Dr. Catlove; or, how i learned to love the bomba and stop worrying


first of all, i'm proud as hell of that title. if you dont get it you are missing out on one of the best movies ever made.

so yesterday, Bomba went missing. for those who havent met him, he is the black one. in the picture on my profile, i mean.

we let him and Doolin outside at about 5am because they wouldnt stop jumping on our heads as we slept. usually, they both come home after a few hours to grab a snack. but by 11:30 i was on my way to work and still no sign of Bomba. this was very worrysome, especialy since it was raining hard all day.

once it got dark and he still wasnt home, i really started to worry. I called animal controll and reported him missing. I posted on craigslist, and i used my office printer to make missing posters. It was at about this time that i realized that i am rediculously in love with my cats.

now, i know men arent supposed to like cats. we are supposed to think of them as efeminite, for some reason. but my cats arent. they are little badasses who tear the heads off of everything in their path. i mean that quite litteraly.
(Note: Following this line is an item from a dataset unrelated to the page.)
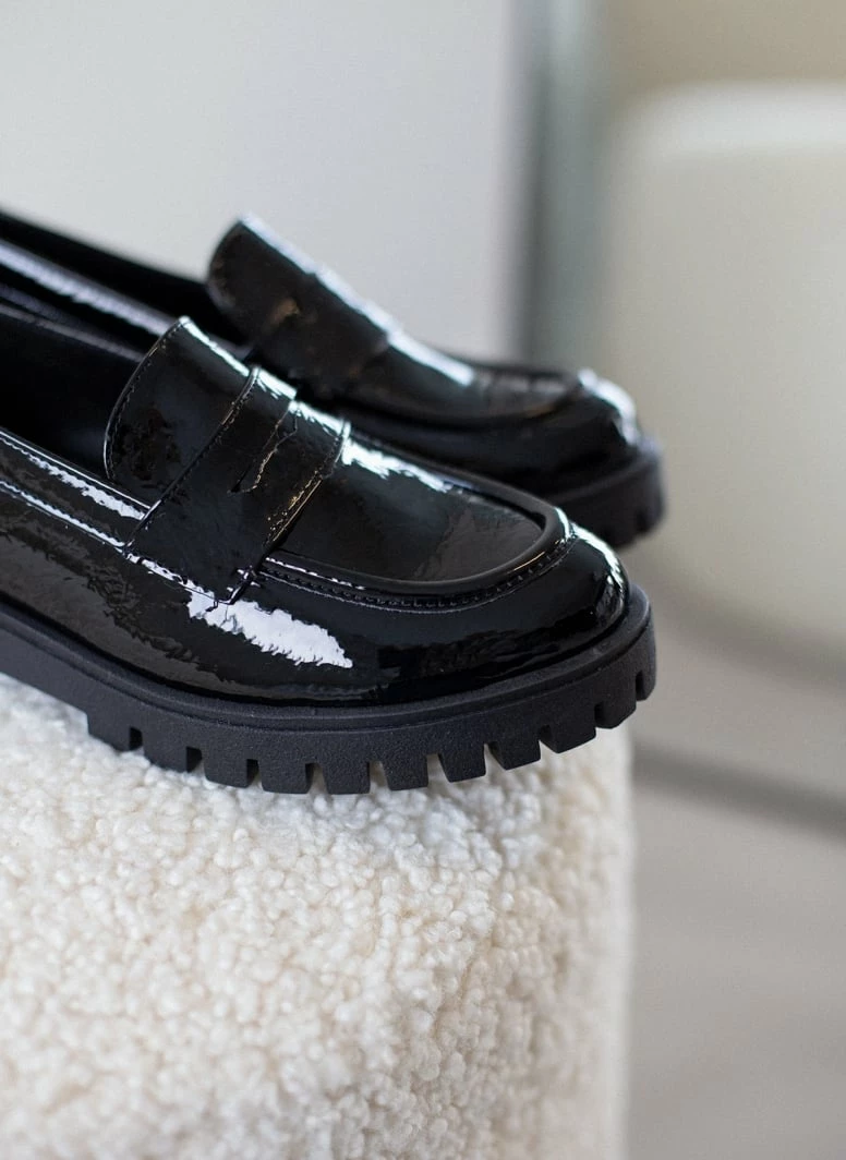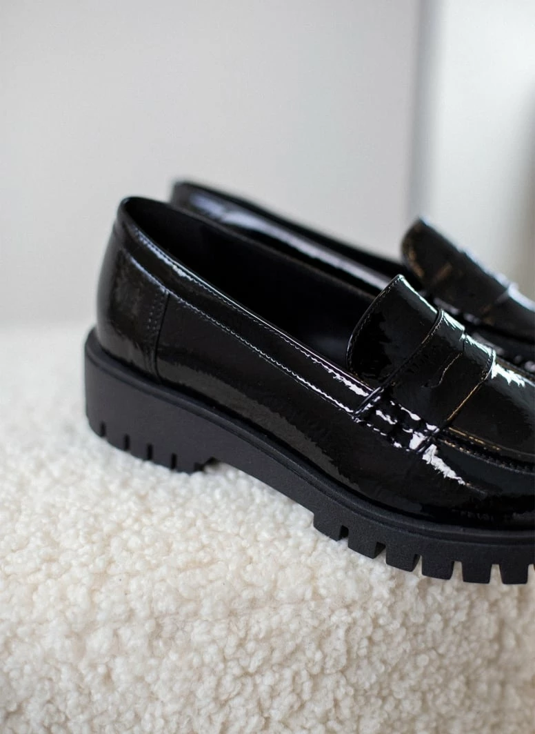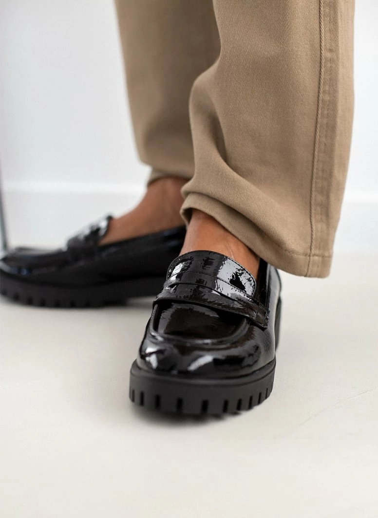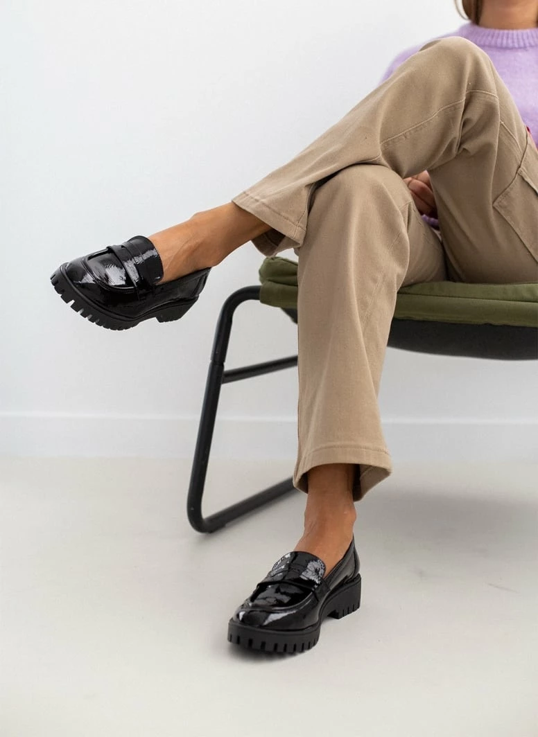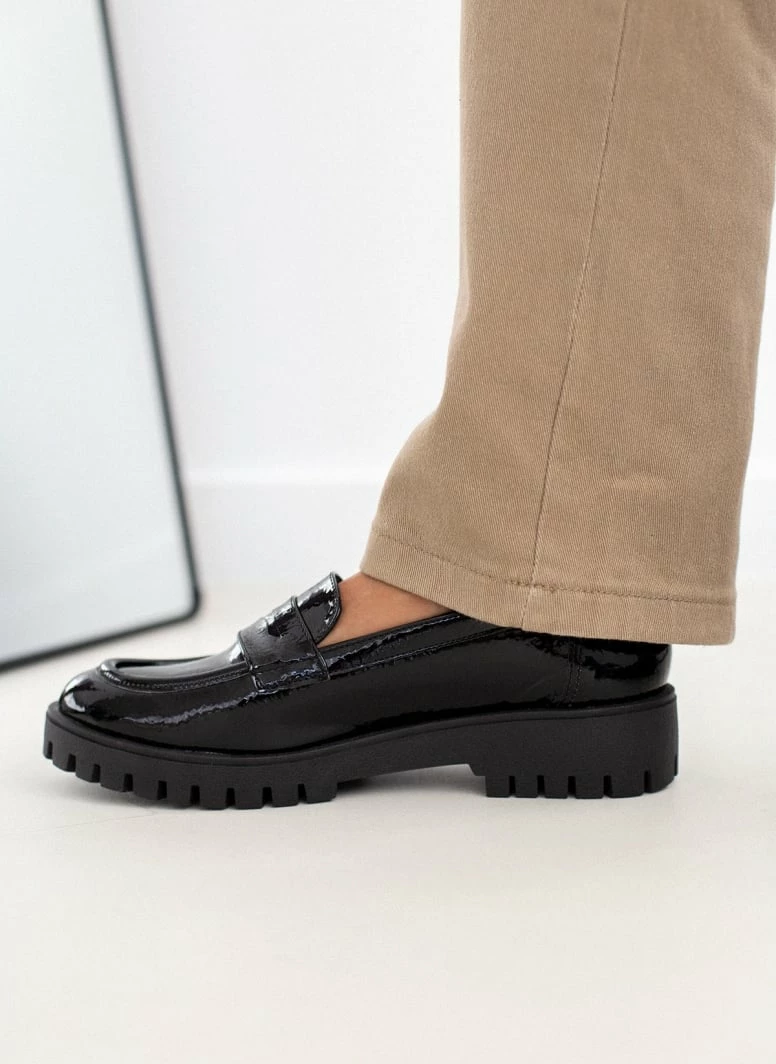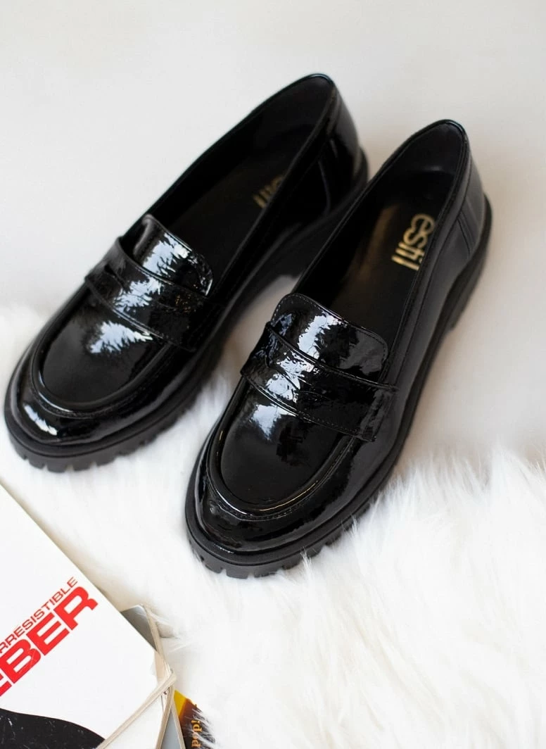 Loafers λουστρίνι Estil. Έχουν τρακτερωτή σόλα. Ελληνικής κατασκευής.
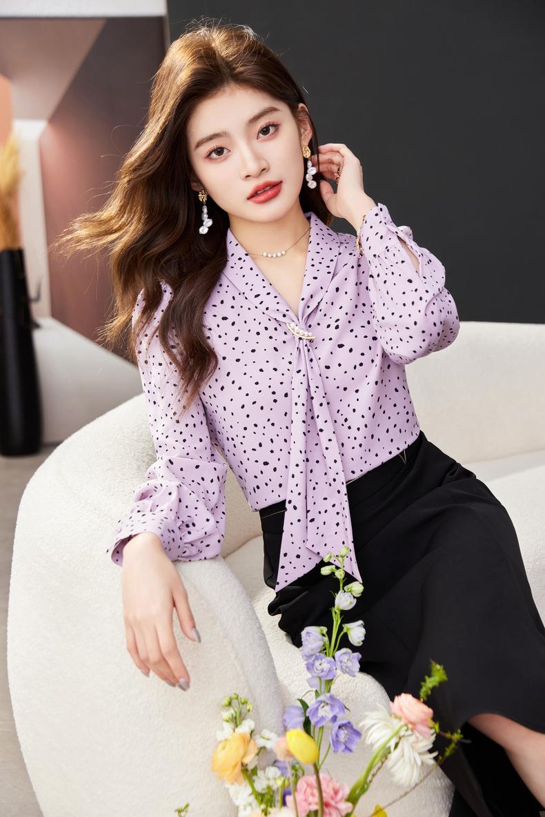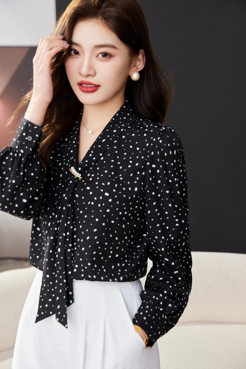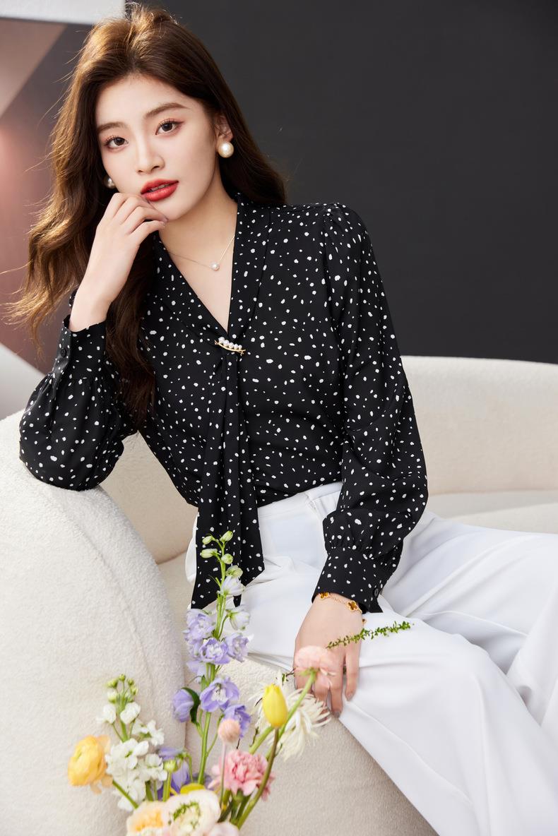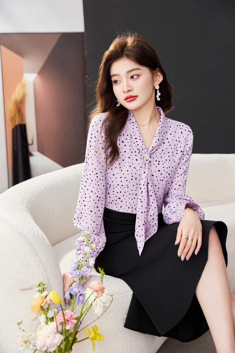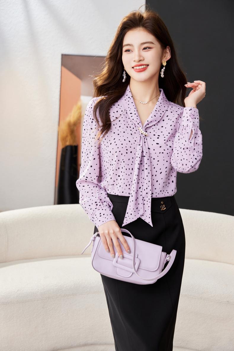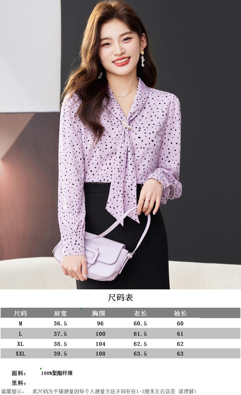 V领飘带碎花雪纺衫2024春装新款职业小衫长袖女衬衣1793

so i was freaking out, to put it mildly. i left work early and biked around my neighborhood for almost an hour looking for him. then i went home and decided i had to try to get some sleep somehow. luskily, Cobb and Weathers had come over to keep Katelyn company. Katelyn was worse than me; a complete wreck. After Mike and Jess left, we had a few beers and tried to stay positive. We were just getting ready to go to bed when we heard a distinctive "mew...mewww" at the front door. and just like that, our boy was back. soaked to the bone, but no worse for the 20 hours of wear.

i realised two things last night. One, Bomba can take care of his shit and i shouldnt worry about him. Two, I really do love those cats. Between them and Katelyn, i have an axis of stability that keeps me ballanced, happy, and sane.

To Bomba and Doolin: may their whiskers never fall out.